Dataset records:
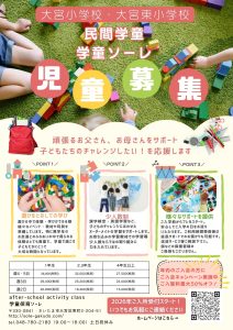 2024年9月28日 / 最終更新日時 : 2024年9月28日 lavoro-imai お知らせ 2025年春ご入学児童保護者のみなさま 学童ソーレでは新年度ご入学される児童の募集をしております。 ご質問・見学随時承ります‼
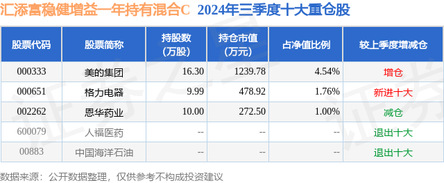 从基金规模来看,汇添富稳健增益一年持有混合C基金2024年三季度公布的基金规模为0.0亿元,较上一期规模9.23万元变化了-0.44万元,环比变化了-4.72%。该基金最新一期资产配置为:股票占净值比7.3%,债券占净值比107.09%,现金占净值比5.1%。从基金持仓来看,该基金当季前十大股票仓位达7.3%,第一大重仓股为美的集团(000333),持仓占比为4.54%。
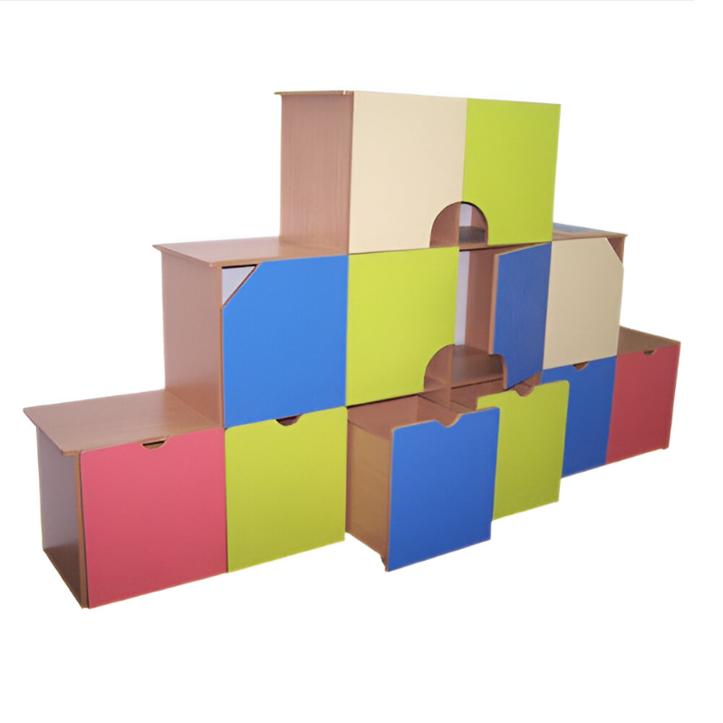 Описание: Основной цвет бук или кремовый. Фасады цветные по желанию заказчика. Стенка из трех ярусов в виде пирамиды. Первый ярус - это 6 выдвижных ящиков на колесах с фигурными разноцветными фасадами. Второй ярус уже, чем первый, состоит их 4 шкафчиков с закрытыми полками, дверки полок фигурной формы, разноцветные. Третий ярус - два шкафчика с разноцветными дверками фигурной формы. Верх крыши каждого яруса чуть выдается над самим ярусом, скругленные углы.
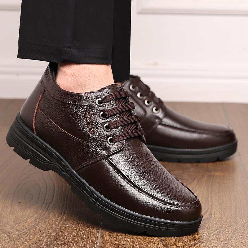 New Casual Leather Shoes Men Business Style Soft Anti-Slip Sole Wear-Resistant Toe Formal Footwear Mesh Upper Waterproof
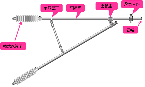 (1)平腕臂用于组成旋转腕臂结构三角形的上部,平腕臂悬臂一端通过铝合金承力索座支撑承力索,另一端与棒式绝缘子(材质:瓷质、硅胶复合材料)相连,通过铝合金套管座与斜腕臂连接。
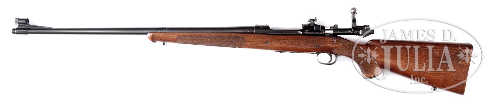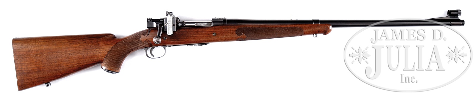 *CUSTOM SPRINGFIELD 1922 MII SPORTING RIFLE.SN 15764B. Cal. 22 LR. 24″ military bbl, caterpillar front sight, bbl band sling swivel. Military action has Springfield legend and SN on front ring, checkered bolt, 5-round rim fire magazine integral with floorplate. Lyman receiver sight. Military trigger. Re-purposed military stock with stylized fleur-de-lis checkering, Schnabel forend, twin cross bolts, finely checkered steel buttplate, extended pistol grip w/bakelite cap. CONDITION: Fine. Gun retains most of its orig custom finish with only minor rubs and marks from usage. Mechanics crisp, bright bore. 50433-3 JWD (2,000-3,000) C&R – Lot 1366
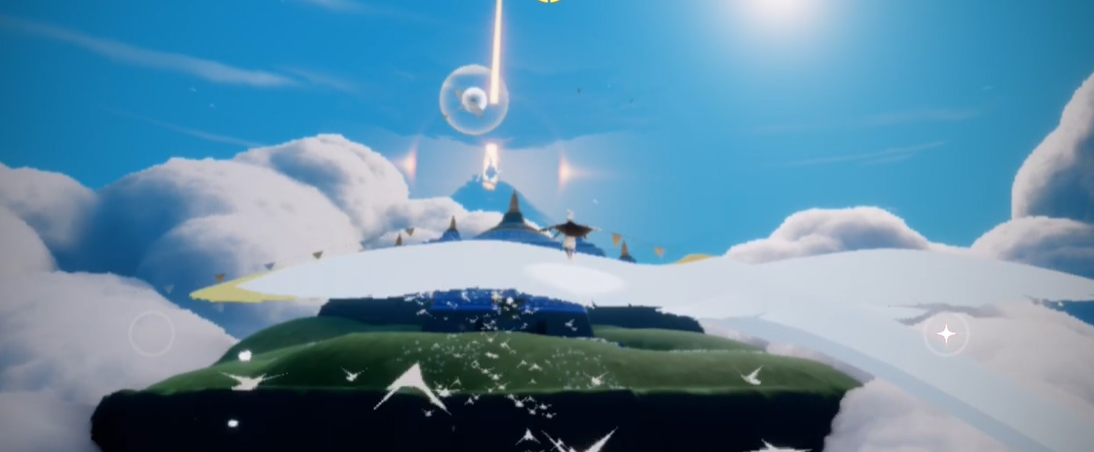 抵达冰淇淋山后可探索山顶平台与周边云海,平台面积宽敞适合拍照打卡,周围环绕着蓬松的白色云团,整体景观与冰淇淋造型高度契合,站在山顶能俯瞰晨岛全景,远处的沙漠、神庙与云海层次分明,飞行过程中可收集沿途的光之翼提升续航能力,降落之后在平台边缘缓慢移动,避免踩空坠落,想要停留更久可反复使用椅子补充能量,也可与好友在山顶互动拍摄风景素材,充分感受高空景点的独特视觉效果。

◆ **Exercise goal**:
Print the records above exactly, minus pictures.

◆ **Exercise solution**:
 2024年9月28日 / 最終更新日時 : 2024年9月28日 lavoro-imai お知らせ 2025年春ご入学児童保護者のみなさま 学童ソーレでは新年度ご入学される児童の募集をしております。 ご質問・見学随時承ります‼
 从基金规模来看,汇添富稳健增益一年持有混合C基金2024年三季度公布的基金规模为0.0亿元,较上一期规模9.23万元变化了-0.44万元,环比变化了-4.72%。该基金最新一期资产配置为:股票占净值比7.3%,债券占净值比107.09%,现金占净值比5.1%。从基金持仓来看,该基金当季前十大股票仓位达7.3%,第一大重仓股为美的集团(000333),持仓占比为4.54%。
 Описание: Основной цвет бук или кремовый. Фасады цветные по желанию заказчика. Стенка из трех ярусов в виде пирамиды. Первый ярус - это 6 выдвижных ящиков на колесах с фигурными разноцветными фасадами. Второй ярус уже, чем первый, состоит их 4 шкафчиков с закрытыми полками, дверки полок фигурной формы, разноцветные. Третий ярус - два шкафчика с разноцветными дверками фигурной формы. Верх крыши каждого яруса чуть выдается над самим ярусом, скругленные углы.
 New Casual Leather Shoes Men Business Style Soft Anti-Slip Sole Wear-Resistant Toe Formal Footwear Mesh Upper Waterproof
 (1)平腕臂用于组成旋转腕臂结构三角形的上部,平腕臂悬臂一端通过铝合金承力索座支撑承力索,另一端与棒式绝缘子(材质:瓷质、硅胶复合材料)相连,通过铝合金套管座与斜腕臂连接。
 *CUSTOM SPRINGFIELD 1922 MII SPORTING RIFLE.SN 15764B. Cal. 22 LR. 24″ military bbl, caterpillar front sight, bbl band sling swivel. Military action has Springfield legend and SN on front ring, checkered bolt, 5-round rim fire magazine integral with floorplate. Lyman receiver sight. Military trigger. Re-purposed military stock with stylized fleur-de-lis checkering, Schnabel forend, twin cross bolts, finely checkered steel buttplate, extended pistol grip w/bakelite cap. CONDITION: Fine. Gun retains most of its orig custom finish with only minor rubs and marks from usage. Mechanics crisp, bright bore. 50433-3 JWD (2,000-3,000) C&R – Lot 1366
 抵达冰淇淋山后可探索山顶平台与周边云海,平台面积宽敞适合拍照打卡,周围环绕着蓬松的白色云团,整体景观与冰淇淋造型高度契合,站在山顶能俯瞰晨岛全景,远处的沙漠、神庙与云海层次分明,飞行过程中可收集沿途的光之翼提升续航能力,降落之后在平台边缘缓慢移动,避免踩空坠落,想要停留更久可反复使用椅子补充能量,也可与好友在山顶互动拍摄风景素材,充分感受高空景点的独特视觉效果。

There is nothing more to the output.